United States Court of Appeals, Ninth Circuit
Nov 6, 1974
506 F.2d 1039 (9th Cir. 1974)

Summary

interpreting California law

Summary of this case from Pelletier v. Stuart-James Co., Inc.

Opinion

No. 73-2040.

November 6, 1974.

Raymond E. Ball, of Friedman, Collard Kauffman, Sacramento, Cal., for appellants.

Glen H. Ehlers, of Bullen, McKone McKinley, Sacramento, Cal., for appellees.

Appeal from the United States District Court for the Eastern District of California.

Before CHAMBERS and GOODWIN, Circuit Judges, and KELLEHER,] District Judge.

Honorable Robert J. Kelleher, United States District Judge for the Central District of California, sitting by designation.


OPINION


This appeal is from an order granting to appellee summary judgment in a diversity case. The central issue is whether the appellee is estopped from raising the defense of the statute of frauds in an action for damages based on his alleged breach of an oral contract.

In granting appellee's motion for summary judgment, the District Court, applying California law, ruled that no estoppel applied. We affirm.

The uncontroverted facts established that an oral agreement was entered into in May of 1970 for the purchase by appellant from appellee of heavy construction equipment at a price of $35,000, f. o.b. Quarry Site, Butte, Montana. After an initial phone conversation in which the oral agreement was made, there were several conversations between the parties during the next ten months, including a visit by one of the appellant's agents from its offices in California to Montana to inspect the equipment; in each such conversation appellant was confirmed in his belief that an agreement was in effect. When the oral agreement was made, similar equipment was available to appellant from four other sellers, but in reliance on the oral agreement, appellant refrained from obtaining the equipment from any of these firms. In further reliance on the agreement, appellant negotiated to resell the equipment to five separate buyers, anticipating profits from the resale of $30,500. In March of 1971, appellant demanded delivery pursuant to the oral agreement, but was then informed that appellee had sold the equipment to several other firms, one of whom was a firm with which appellant had negotiated a resale agreement. Similar equipment was no longer available in the local market or elsewhere.
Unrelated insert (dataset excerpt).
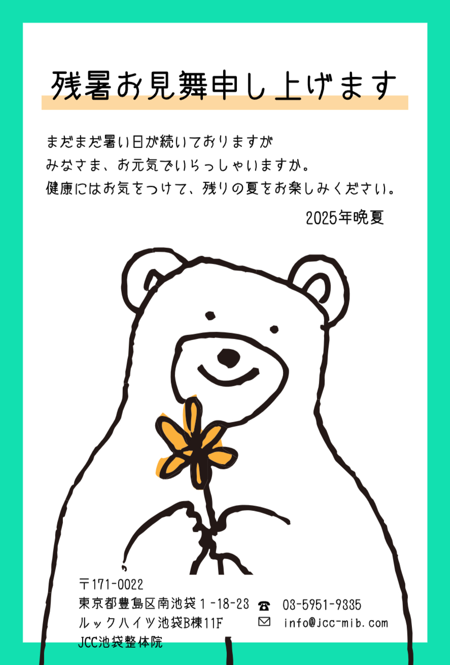 残暑お見舞い申し上げます|東京都豊島区で腰・肩・脚のお悩みはJCC池袋整体院へ
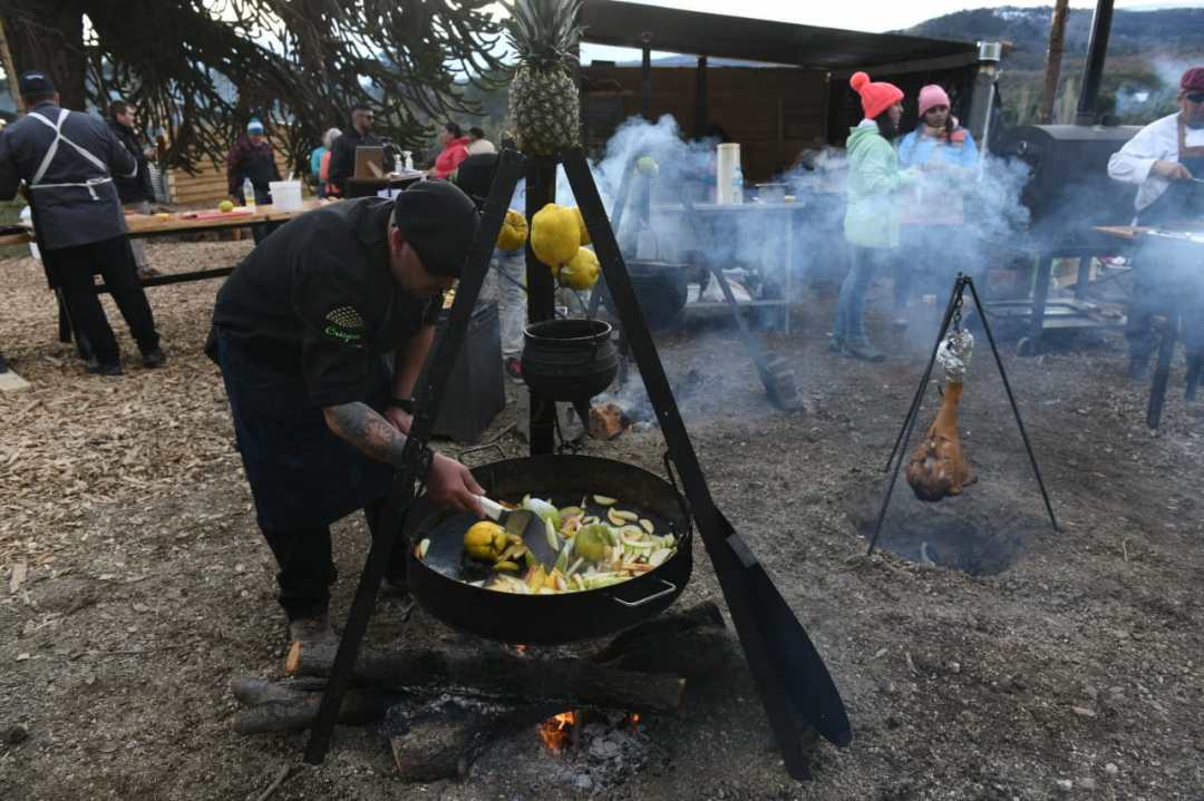 Al festival ya no le falta nada más. Por qué decimos esto. Porque la cocina de los pueblos originarios este año tiene una presencia notoria en la zona de los fuegos, en la Terraza Rústica, que tiene vista a una laguna y al Volcán Batea Mahuida. La comunidad mapuche Puel cocina costillar de asado con cuero, guiso de mondongo, mote y sopa piñonera, todo potente para vivir mejor el tiempo fresco que corre por acá. ¿Qué más pidió la gente en la primera jornada en este puesto? El locro al K´chral, que tiene costillas de chivo, zapallo, porotos, maíz pisado, salchicha parrillera, panceta ahumada y cantimpalo.

Appellant filed suit in two claims, one on the contract and another in fraud, asking $30,500 actual damages for loss of profits and $25,000 punitive damages. Appellee moved for summary judgment, asserting as a defense the California statute of frauds, Section 2201 of the California Commercial Code, which provides that an enforceable contract for the sale of goods for a price in excess of $500 requires a sufficient writing signed by the party to be charged. In response, appellant argued that appellee should be estopped from using the statute of frauds as a defense.

Under California law, which appears to apply, and the parties do not suggest that any other applies, the doctrine of estoppel to assert the statute of frauds has been consistently employed by the courts "to prevent fraud that would result from refusal to enforce oral contracts in certain circumstances. Such fraud may inhere in the unconscionable injury that would result from denying enforcement of the contract after one party has been induced by the other seriously to change his position in reliance on the contract . . ., or in the unjust enrichment that would result if a party who had received the benefits of the other's performance were allowed to rely upon the statute." Monarco v. Lo Greco, 35 Cal.2d 621, 623-624, 220 P.2d 737, 739-740 (1950). See also, Irving Tier Co. v. Griffin, 244 Cal.App.2d 852, 53 Cal.Rptr. 469 (1966).
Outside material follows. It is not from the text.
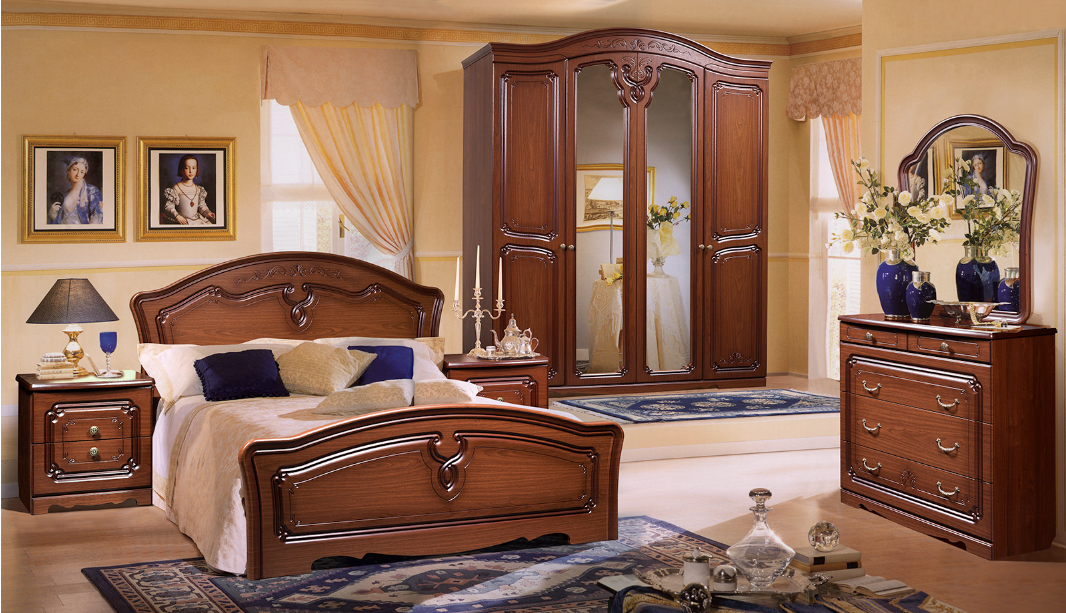 Набор из кровати 160х200, шкафа 4х дверного, комода 4 ящика, 2 тумбы прикроватные

In considering the two alternative theories of Monarco, supra, clearly the facts here reveal no unjust enrichment resulting from any benefits conferred on appellee by the part or full performance of appellant — there was no performance by appellant. Accordingly, we need only address the question of whether appellant would suffer unconscionable injury if appellee were allowed to assert the bar of the statute of frauds and thereby prevent the enforcement of the oral agreement.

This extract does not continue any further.